Telithromycin is bound to serum proteins,
approximately 70% of the molecule is protein bound. The main protein involved
is human serum albumin (45-49%), accounting for a concentration of 2.4 mg/L,
with ?1-acid glycoprotein (12-30%) and liporoteins being responsible
fort he remaining part.

 The
big part of the metabolism is made by the cytochrome P450 3A4 system, and the
other part is made by cytochrome P450-independent mechanisms. Of the systemically
available drug, 7% is excreted in the feces, 13% is excreted in the urine, and
37% is metabolized by the liver.

There is an increase in renal
elimination in patients with hepatic insufficiency. But, patients that have
hepatic impairment and  renal impairment ,
the dosage should be decreased to half of the previous dosage.
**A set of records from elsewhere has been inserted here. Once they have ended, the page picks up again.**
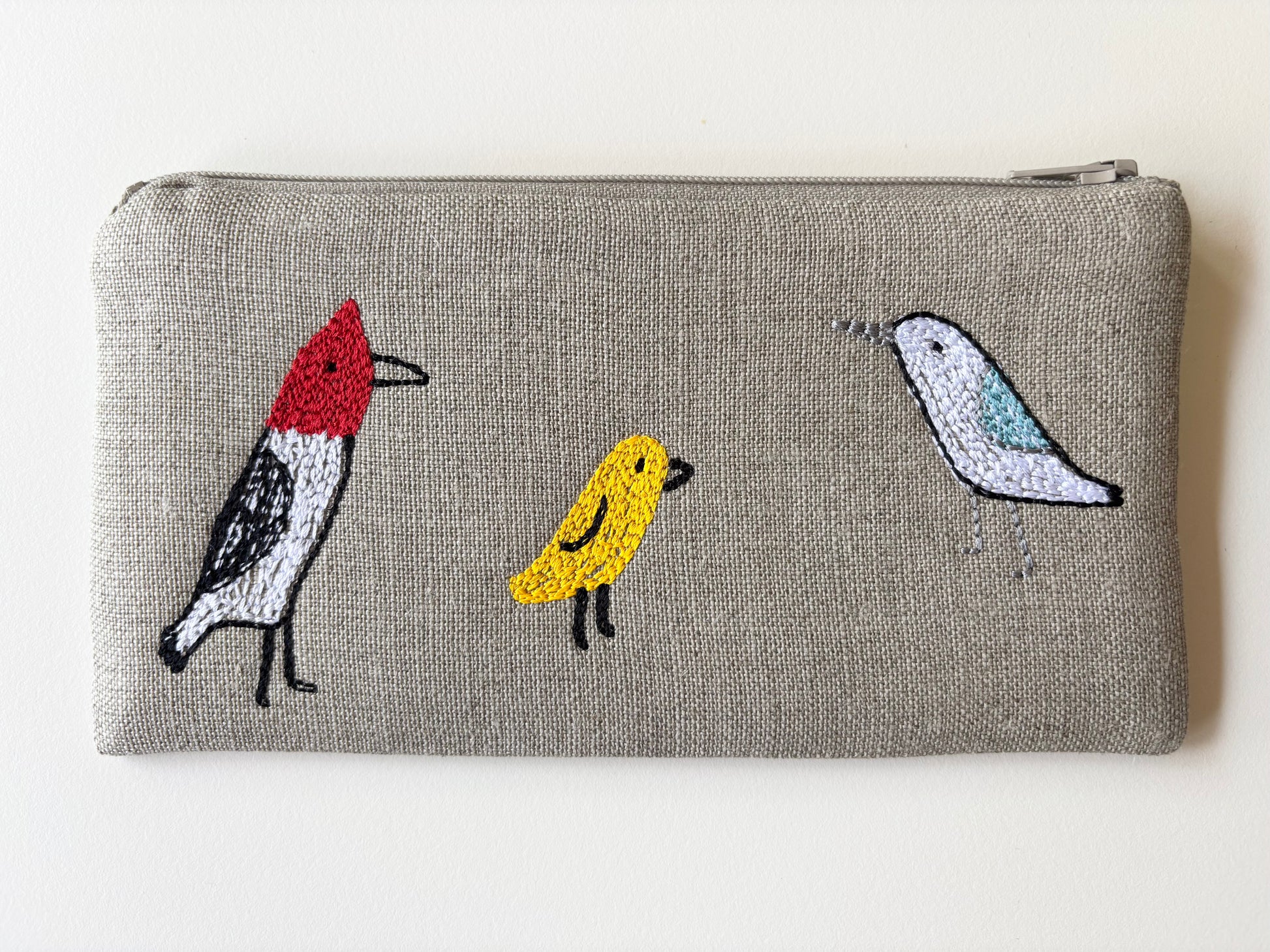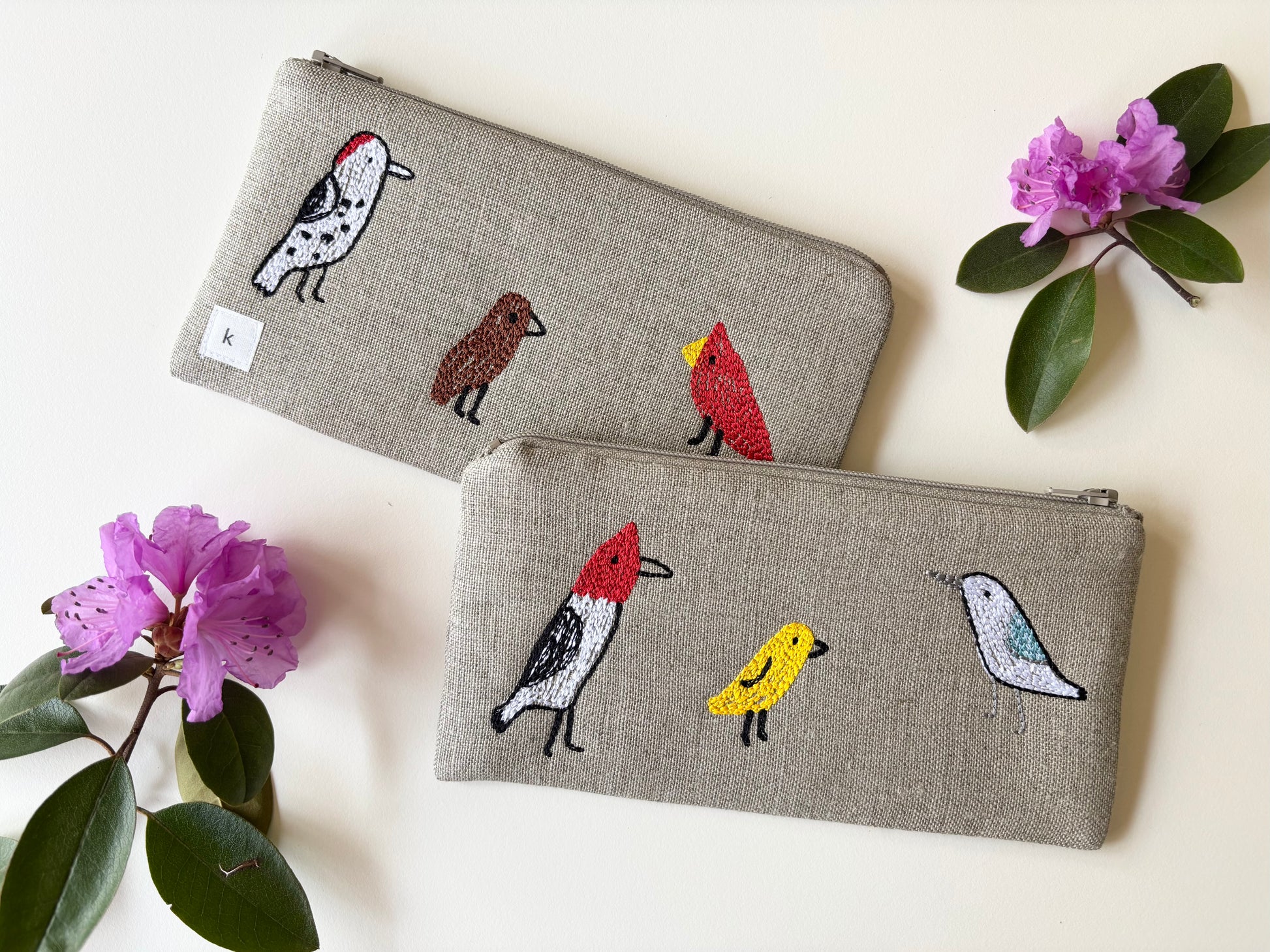 Zipper pouch is quilted with cotton batting and lined with dotted cotton..
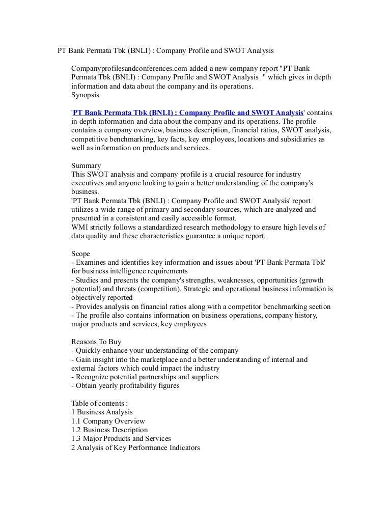Pt bank permata tbk (bnli) company profile and swot analysis
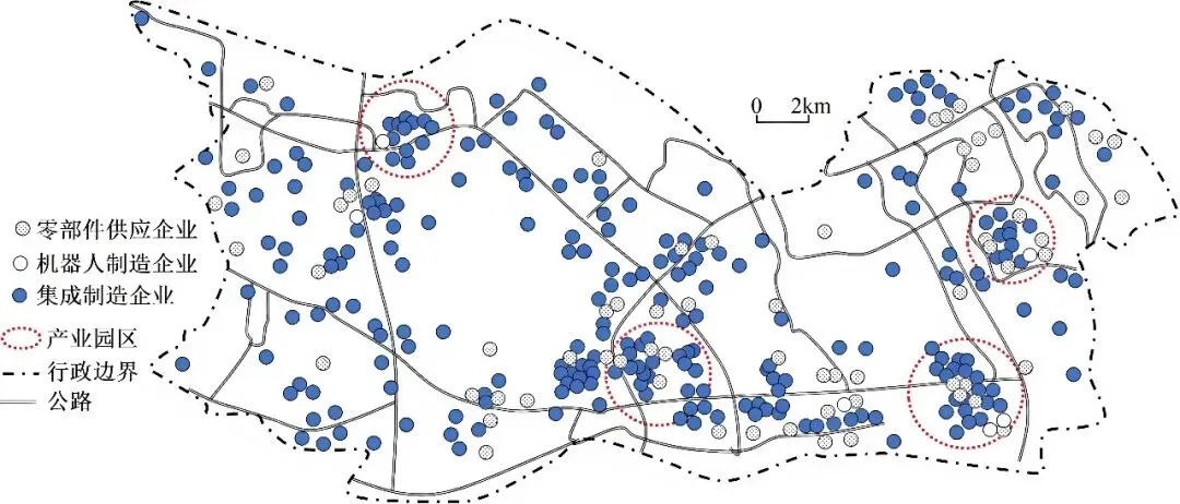 (1)指出北滘镇机器人产业各环节的空间分布特征。

The availability of multiple routes of elimination
reduces the impact of isolated renal or hepatic insufficiency on drug
accumulation. Higher intracellular concentrations of telithromycin can help for
curing  intracellular pathogens.

8.DRUG-DRUG INTERACTIONS

Telithromycin has inhibitory effect of
the cytochrome P450 system. Therefore, levels of lots of drugs are enhanced by
telithromycin.  It is contraindicated to
give telithromycin to patients taking pimozide or cisapride. When telithromycin
is gived to patients, later simvastatin, lovastatin, and atorvastatin should be
stopped during the telithromycin treatment. Administration of telithromycin and
theophylline with together could
aggravate gastrointestinal adverse effects such as nausea and vomiting.
If coadministration of drugs is necessary, they could be administered 1 hour
apart. Telithromycin reduces sotalol level by reducing its absorption.

 

 

 

 

 

 

 

 

 

 

Tablo 2. Drug-drug interactions with
telithromycin

 

9.CONCLUSIONS

Telithromycin is a ketolide
that has some chemical differents from the classic macrolide antibiotics. It
has more activity than erythromycin against macrolide-sensitive organisms.
Telithromycin has a good activity on several erythromycin resistant patogen strains
such as S. aureus and S. Pyogenes.

In vitro studies showed that
telithromycin has similar activity with azithromycin.Clinical studies support
the using of telithromycin to treatment of mild-to-moderate CAP, AECB, and
acute bacterial sinusitis. FDA is confirmed telithromycin for the treatment of mild-to-moderate
CAP. Gemifloxacin, gatifloxacin, and levofloxacin are also agents that using
the treatment of CAP. The activity profile of telithromycin is similar to other
commonly used oral antimicrobial agents. The concentrations of telithromycin in
respiratory tissues and fluids suggest that it will offer an effective
treatment for lower RTIs caused by common pathogens.